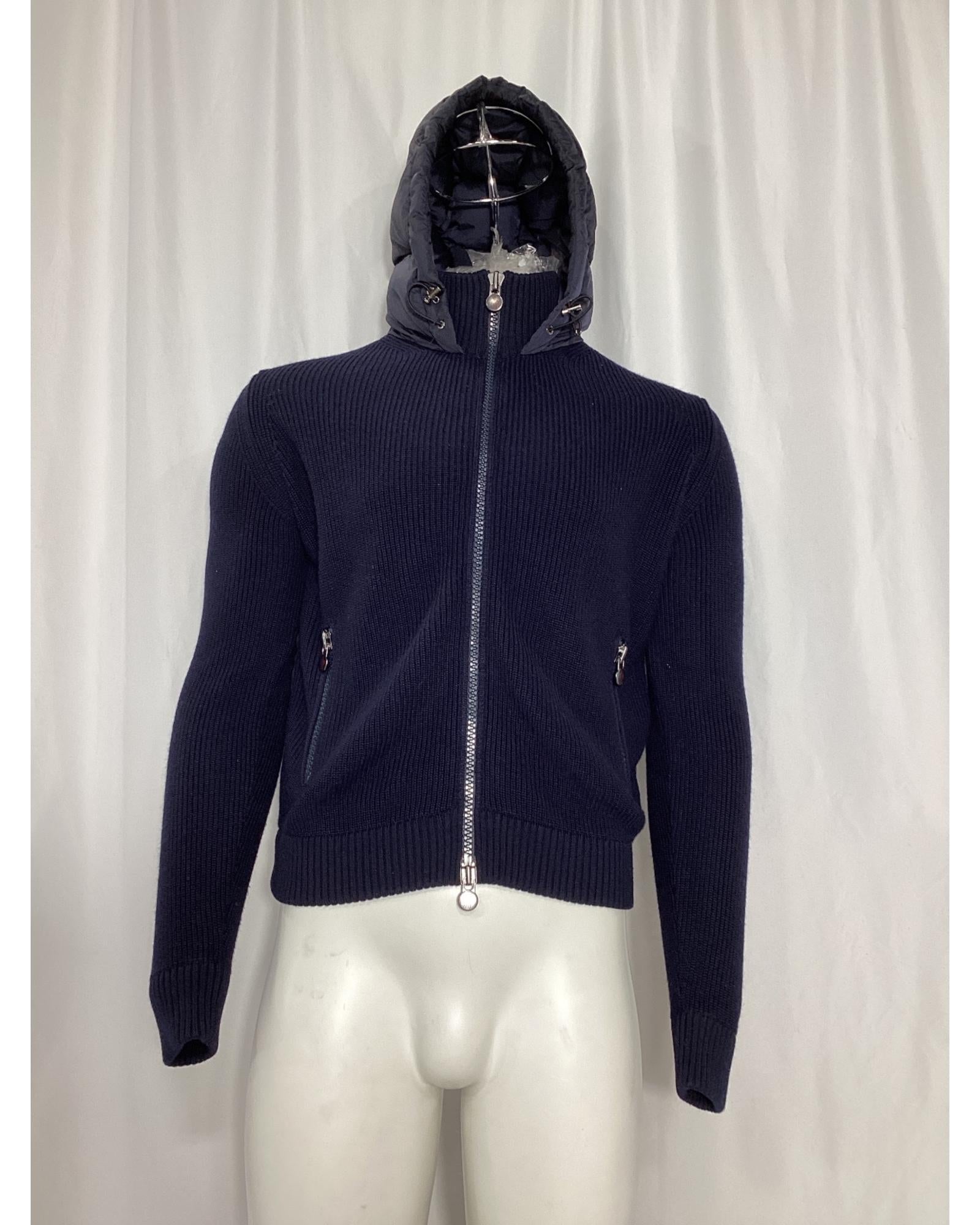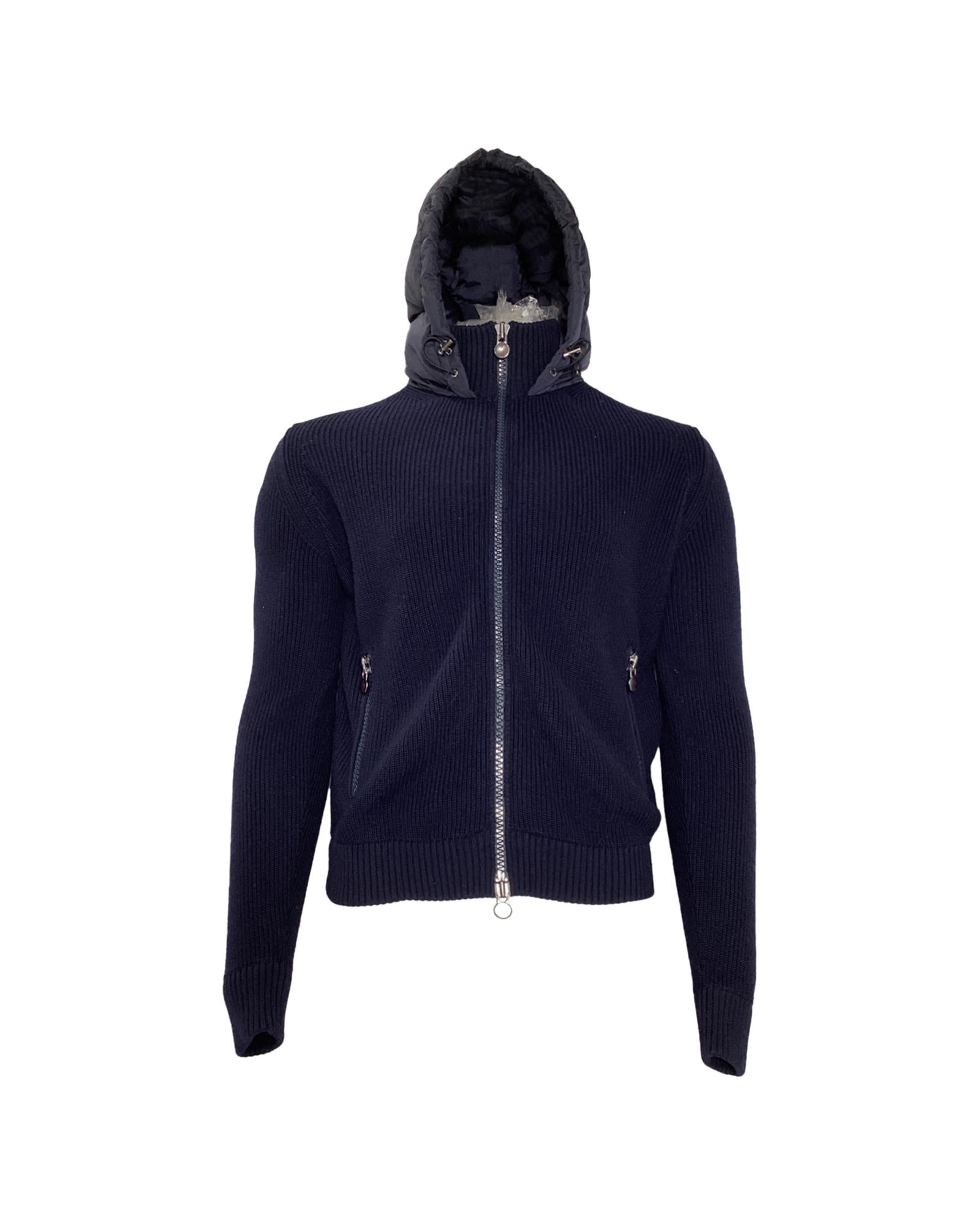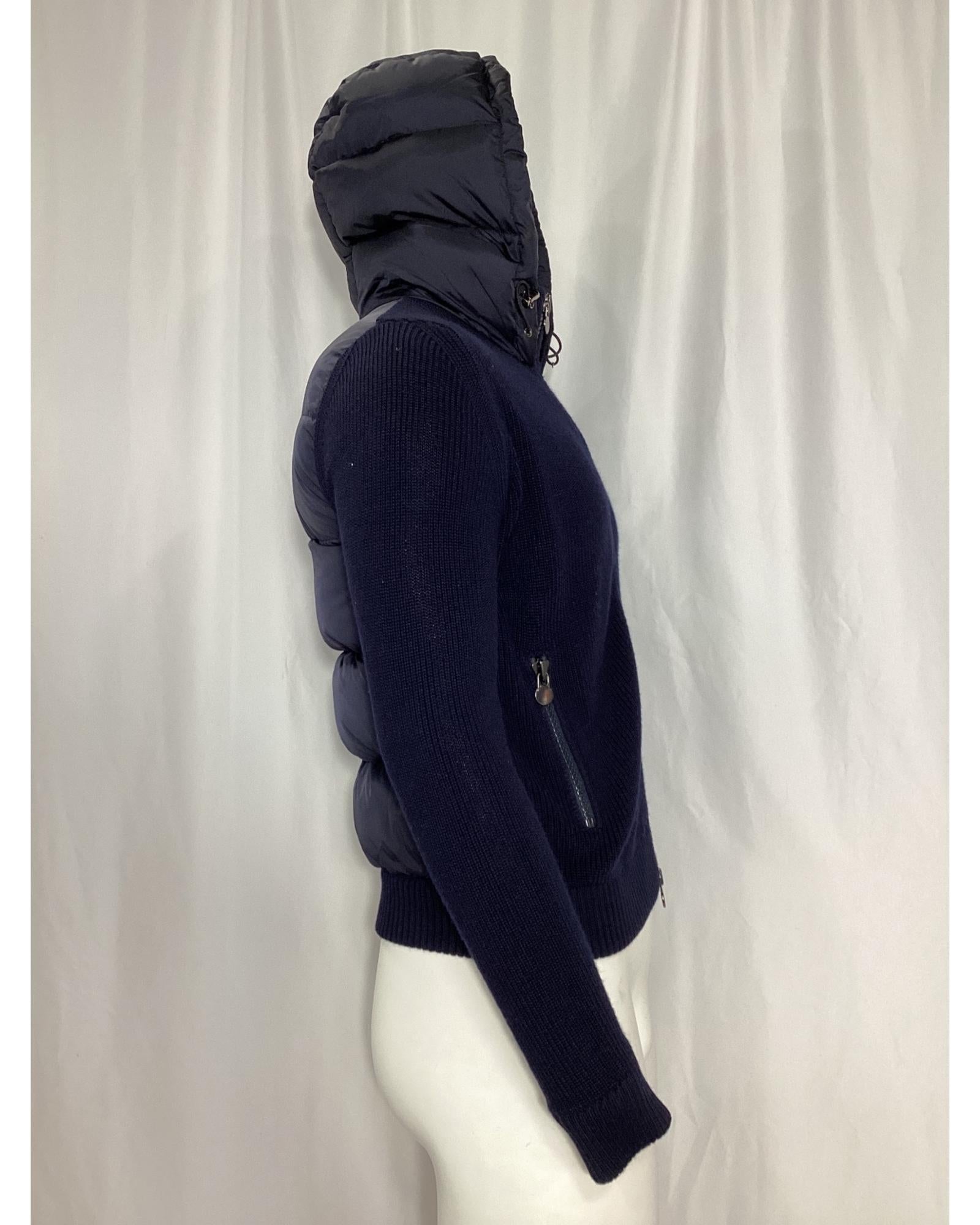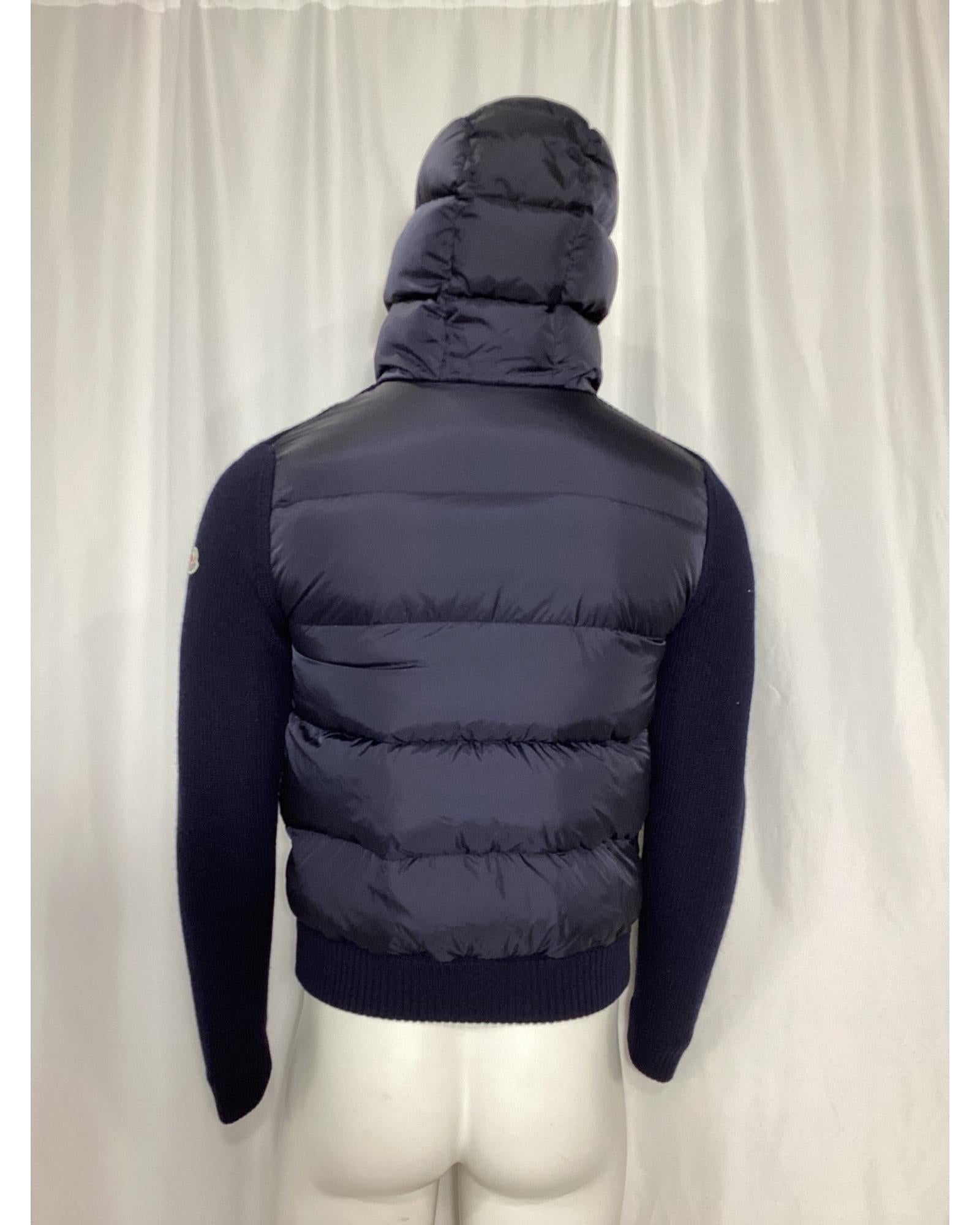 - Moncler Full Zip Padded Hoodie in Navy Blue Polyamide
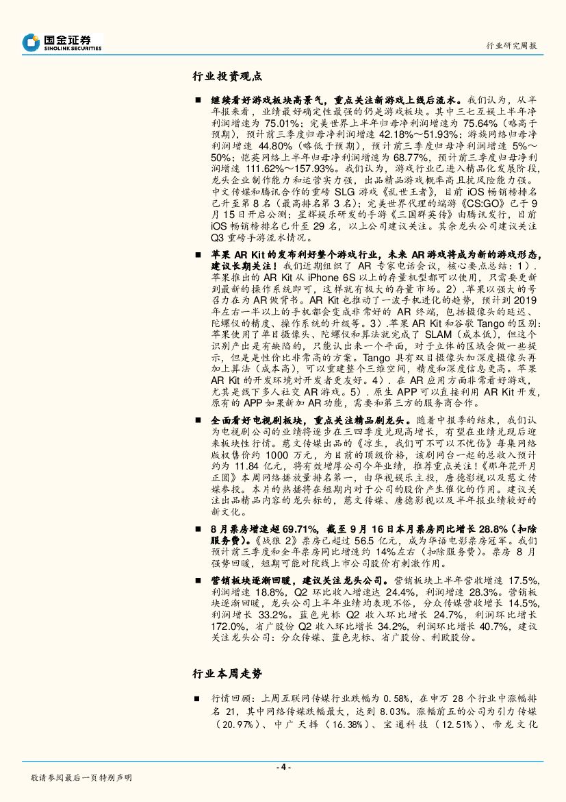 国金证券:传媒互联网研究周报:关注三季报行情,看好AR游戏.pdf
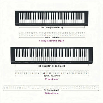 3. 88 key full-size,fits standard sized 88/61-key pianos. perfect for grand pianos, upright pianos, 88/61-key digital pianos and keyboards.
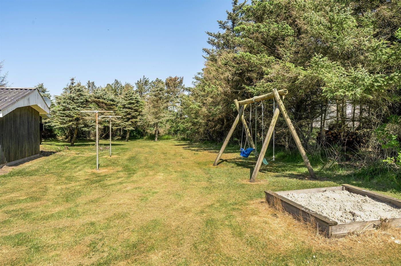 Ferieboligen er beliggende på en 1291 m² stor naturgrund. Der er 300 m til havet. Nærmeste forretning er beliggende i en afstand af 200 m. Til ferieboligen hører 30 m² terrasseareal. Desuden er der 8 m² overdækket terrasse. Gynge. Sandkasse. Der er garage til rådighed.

- [Task to carry out]: Each line above should be returned exactly as written, apart from any pictures.

- [Completed task]:
 - Moncler Full Zip Padded Hoodie in Navy Blue Polyamide
 国金证券:传媒互联网研究周报:关注三季报行情,看好AR游戏.pdf
 3. 88 key full-size,fits standard sized 88/61-key pianos. perfect for grand pianos, upright pianos, 88/61-key digital pianos and keyboards.
 Ferieboligen er beliggende på en 1291 m² stor naturgrund. Der er 300 m til havet. Nærmeste forretning er beliggende i en afstand af 200 m. Til ferieboligen hører 30 m² terrasseareal. Desuden er der 8 m² overdækket terrasse. Gynge. Sandkasse. Der er garage til rådighed.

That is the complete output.